Campaign finance

More disclosure would improve campaign financial reporting system

By Roy Ockert Jr.

Aug. 27, 2013

Winning elections, especially above the local level, is about money — always has been, always will be. For presidential campaigns we’ve experimented with public financing and learned that it doesn’t work for the top candidates. No one bothers to try below that level.

Instead, we’ve focused on campaign finance laws with limited success. Our efforts have proven mainly that people with lots of money can buy political influence. The candidates know they need the money to be successful, and the good ones learn quickly where to find it.

Make no mistake, that system influences how the winning candidates perform when in office, at least if they want to run for office again.

When you’re running for a state office, you can’t shake enough hands, kiss enough babies or give enough brilliant speeches to win. You’ve got to have television advertising, public relations consultants, lots of signs, billboards and other slick campaign materials, etc.

The salary of a state senator is just under $16,000, plus expenses, and you can’t finance a contested election for that. Arkansas’ governor makes less than $90,000 a year, but to get elected our next one will have to raise dollars in seven figures.

Candidates depend on campaign contributions, which we’ve tried to limit especially as to the contributors. But that has led only to the formation of shadowy political action committees that spend freely on mud-slinging to get their favored candidates elected.

It’s disappointing but not surprising to see political figures like state Sen. Paul Bookout, D-Jonesboro, and Lt. Gov. Mark Darr get in trouble over campaign financing. The temptation has always been there, the chances of getting exposed slim.

Campaign finance laws on the state and federal levels are failing.

In Arkansas we require candidates for public office to file statements of disclosure and then basically trust them to do so honestly. We have formed an Ethics Commission, investing it with the power to investigate all sorts of ethics violations, including those dealing with campaign finance. But we’ve given it only nine staff members.

The result is that candidates can file their required reports (or not — many don’t bother) with little expectation that anybody will ever read them. Even their opponents often don’t see the value when the election is over.

The idea behind Arkansas’ system is that disclosure will keep the candidates honest. However, few of the reports ever see the light of day.

As an editor, I urged my newspaper’s reporters to check campaign finance disclosure reports carefully, and for major races we often produced stories listing major contributors and expenses. Some reporters found good stories; others just hated to deal with numbers. Reports may be filled in by hand and hard to read; some are vague and-or inaccurate.

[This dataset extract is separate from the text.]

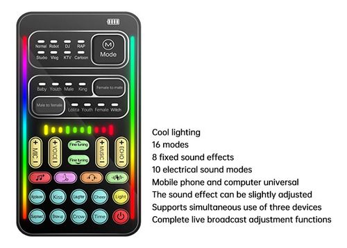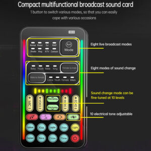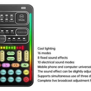 8 efeitos sonoros ao vivo para controlar a sala. 8 tipos de efeitos sonoros quentes. Fácil de aquecer a atmosfera da transmissão ao vivo, ao vivo, interessante – transmissão de acompanhamento compatível. Transmissão compatível de alta qualidade. Simples e conveniente, aproveite a música do

And there are a lot of reports. Bookout filed 13 documents in 2012; the basic campaign report is nine pages long. Since 2006 he has filed 154 financial disclosure documents, and he has never had a contested race.

Last year, perhaps out of habit, I checked campaign finance reports before the general election for all contested legislative races in Northeast Arkansas. Typically, I didn’t check candidates without an opponent since there isn’t much news there. That’s obviously something we must rethink.

The Arkansas Democrat-Gazette frequently has campaign finance listings for statewide races covering several pages. Arkansas has only 29 dailies. Even if all of them reported faithfully on campaign finance, that would cover less than half the state. Few weekly newspapers have shown much interest in such reporting.

That’s disclosure, but it’s not enforcement.

Citizens must help with disclosure. Legislators are not about to appropriate more money to the Ethics Commission to investigate their own political activities.

With online technology anyone can now see the reports filed by candidates for state offices — from legislators to prosecutors and judges to the constitutional officers. Candidates for local offices file locally, and few of those are available online.

If you want to see, for example, the filings of a certain legislator or legislative candidate, just go to the Arkansas secretary of state’s Web site — www.sos.arkansas.gov. Click on Elections, then on Financial Disclosure and finally on Search Financial Disclosure Reports.

That gets you to a search form, where you type in the name of the candidate. Use the last name only, which will bring up a list of people with that last name. Otherwise, you may not get all the reports because some may be filed under his full name, others under only first and last. You can also narrow the search as to the filing period. If not, you get a list of every report filed by that person since the secretary of state created this online database.

Remember, a candidate only has to file in certain periods, generally when he or she has had total contributions or expenses exceeding $500 for that period.

My suggestion to make the process more effective is, first, to simplify and streamline it. The Election Commission manual explaining the process covers 44 pages of small type, much of it in legal language. Then require that each report be published promptly in a daily or weekly newspaper as a legal notice.

That way everything gets disclosed, and you’ll find the candidates becoming much more thorough and honest.

Surely, these reports are at least as important as foreclosure notices.